La femme marocaine s’est engagée, depuis plusieurs années, dans un long combat afin de garantir une parité effective et permanente avec l’homme. En dépit des acquis et des avancées réalisées, on constate que la femme marocaine, notamment en tant que mère, souffre toujours d’injustice.

Plaidoyer pour la révision de Code de la famille

Le Maroc célèbre, le 10 octobre de chaque année, la Journée nationale de la femme. Il s’agit d’une occasion privilégiée pour mettre l’accent sur les réalisations en matière d’égalité des genres, mais aussi de rappeler les défis à relever. Cette date clé nous rappelle également l’adoption du Code de la famille qui fête ses 15 ans cette année. Ce texte, qui a été considéré à l’époque comme une révolution et qui a permis de débloquer la situation des femmes, ne répond malheureusement plus à tous leurs besoins et entrave leurs vies quotidiennes, notamment en tant que mères. En effet, on ne peut parler des droits des femmes sans évoquer ceux des mamans. Et celles-ci n’arrivent malheureusement pas à profiter pleinement de leur rôle de mère puisque le Code de la famille accorde le droit de tuteur légal et de représentant légal exclusivement au père. L’article 231 stipule que la représentation légale des mineurs est assurée par le père et ne peut être assurée par la mère qu’après le décès du père ou par suite de la perte de la capacité de ce dernier. De même, selon l’article 236 de la Moudawana, le père est de droit le tuteur légal de ses enfants, tant qu’il n’a pas été déchu de cette tutelle par un jugement. Ces textes privent malheureusement les mères marocaines de plusieurs droits et les mettent à vie à la merci de leurs époux ou ex-époux, surtout en cas de mésentente. «Nous sommes dans une société patriarcale qui donne le pouvoir au père dans la famille. Or, la femme marocaine aujourd’hui est une femme active tout comme l’homme et il est inadmissible qu’il y existe encore des lois qui soient en faveur de l’un au détriment de l’autre. Malheureusement, le Code la famille marocain confirme l’autorité du père et met la femme et surtout la mère dans une situation où elle a les mains complètement liées», déplore Khadija El Amrani, avocate et présidente fondatrice de l’association W-Lady.
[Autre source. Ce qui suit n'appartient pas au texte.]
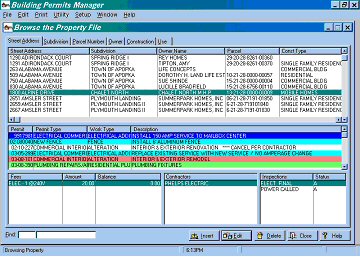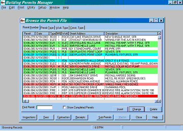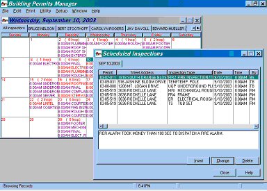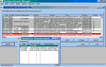 The program keeps track of scheduled inspections for each day, and maintains a history of inspections. By simply selecting a permit type all fees, a user designed permit form, and inspections required are inserted onto the permit for you. Building Permits Manager will keep track of contractor license expirations, and warn the user of expired information when the contractor is selected to add to a permit.
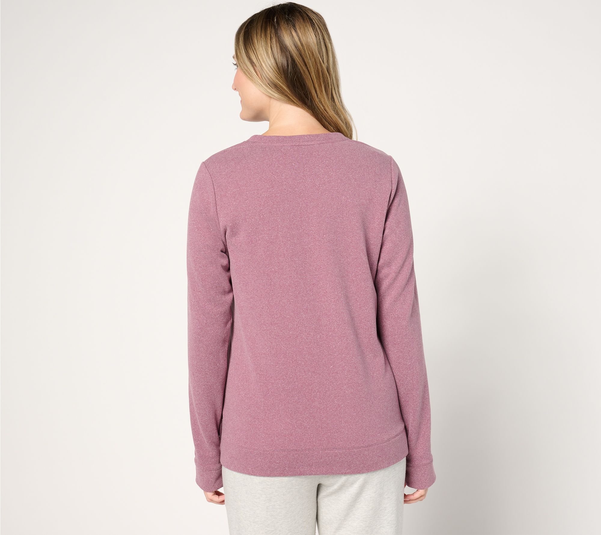 "As Is" Denim & Co. Active Fleece Crew Neck Pullover with Button
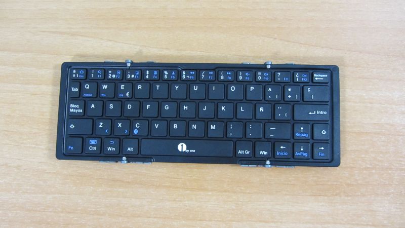 Plegado ocupa poco mas que el tamaño de un móvil, desplegado tendremos un teclado qwerty con teclas de funciones, cursor e incluso con la tecla Ñ, podremos utilizarlo sincronizándolo a través de la conexión de dispositivos Android, Ios y Windows.
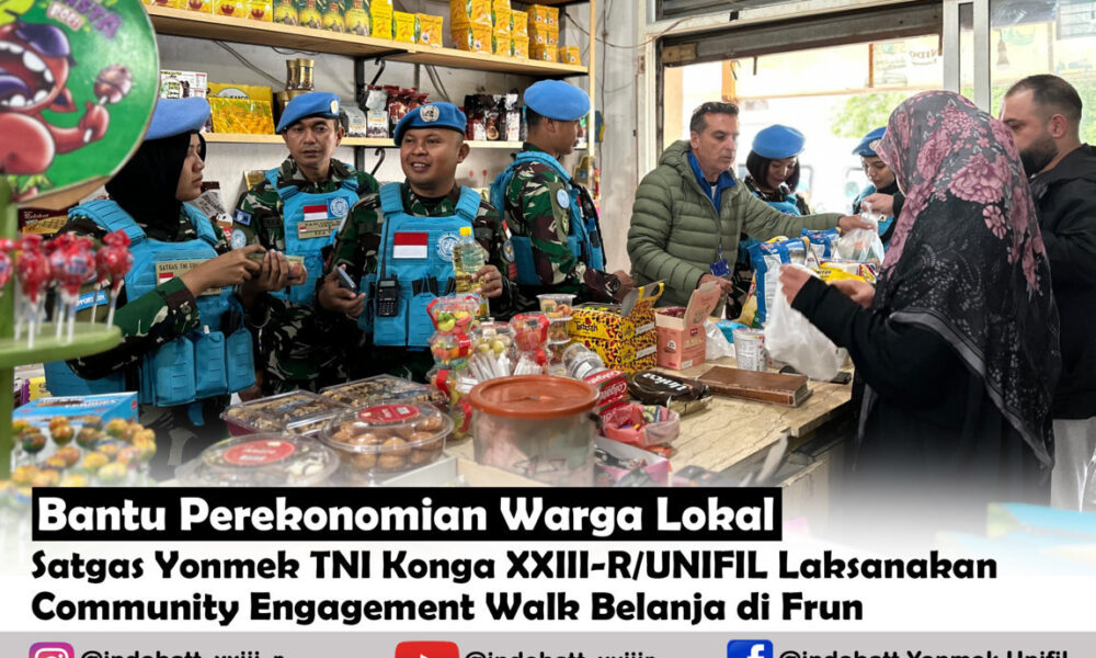 Pendiv2 – Dalam rangka membantu perekonomian warga di daerah misi, Satgas Yonmek TNI Konga XXIII-R/UNIFIL di akhir bulan Ramadhan tetap melaksanakan kegiatan Community Engagement Walk (KLE) untuk berbelanja di kios-kios wilayah binaan Delta Company tepatnya di Frun Village. Selasa (09/04/2024).
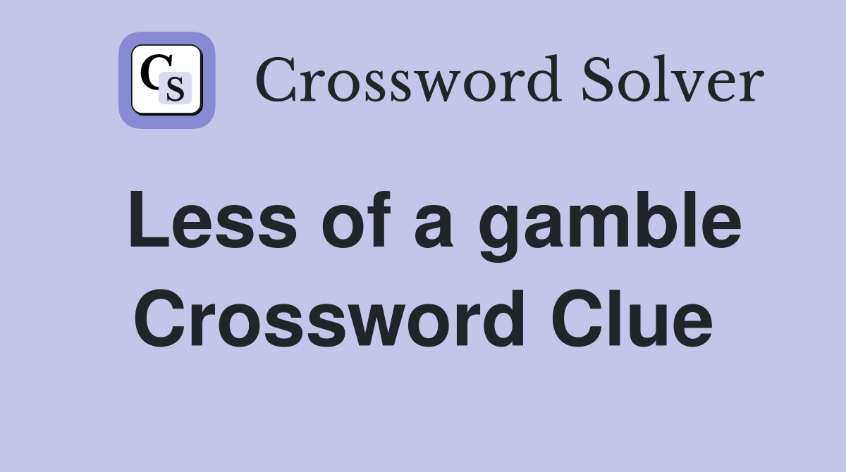 Less of a gamble Crossword Clue Answers Crossword Solver
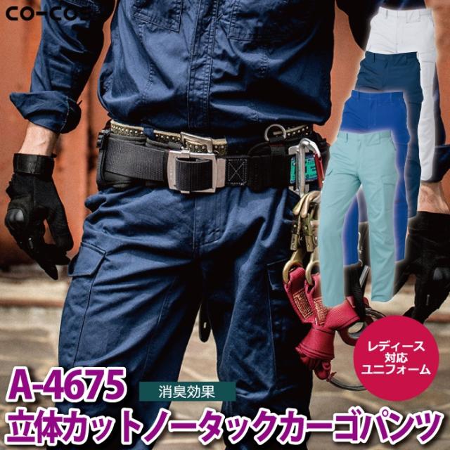 コーコス 作業服 秋冬用 A-4675 立体カットノータックカーゴパンツ 112-120
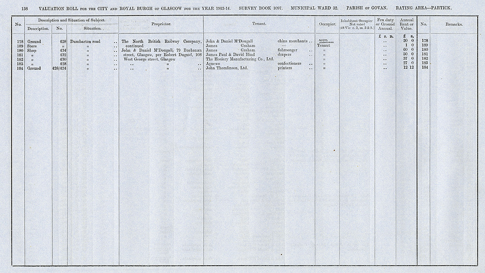 Glasgow Valuation Roll VR 1913-14, Ward 32, p138
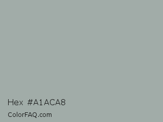 Hex #a1aca8 Color is a light green color and the nearest color is Edward #a2aeab. Hex code #a1aca8 and RGB value is rgb(161,172,168). In RGB color space, this color is composed of 63% red, 67% green, 66% blue, In CMYK color space, this color is composed of 6% cyan, 0% magenta, 2% yellow , 33% black , In HSL color space, this color has a hue angle of 158° , 6% saturation and 65% lightness.

De son côté, Nouzha Skalli, militante de la cause des femmes et ancienne ministre du Développement social, de la famille et de la solidarité, appelle à l’élimination de toutes formes de discriminations en matière de tutelle légale sur les enfants du Code de la famille. «Parmi les finalités de la réforme du Code de la famille, figure l’intérêt supérieur de l’enfant et on sait que l’intérêt supérieur de l’enfant est lié aux droits des femmes en tant que mères. Il est totalement injuste et discriminatoire que la tutelle légale soit une prérogative exclusive du père au détriment de la mère. Ainsi, la mère est considérée comme un parent de seconde zone et n’a pas le droit de prendre des décisions sur la vie des enfants dont elle a la garde, alors que nous connaissons tous la force de l’amour maternel et les sacrifices consentis par les femmes en faveur de leurs enfants», souligne Skalli. Et d’ajouter : «Il est scandaleux que les femmes divorcées qui se remarient perdent la garde de leurs enfants âgés de plus de 7 ans, alors que les pères remariés ne perdent pas la garde et cumulent les pleins pouvoirs de garde et de tutelle en spoliant totalement les mamans de tout droit à la parole sur la vie et l’avenir de leurs enfants ! C’est dramatique, injuste et inhumain !»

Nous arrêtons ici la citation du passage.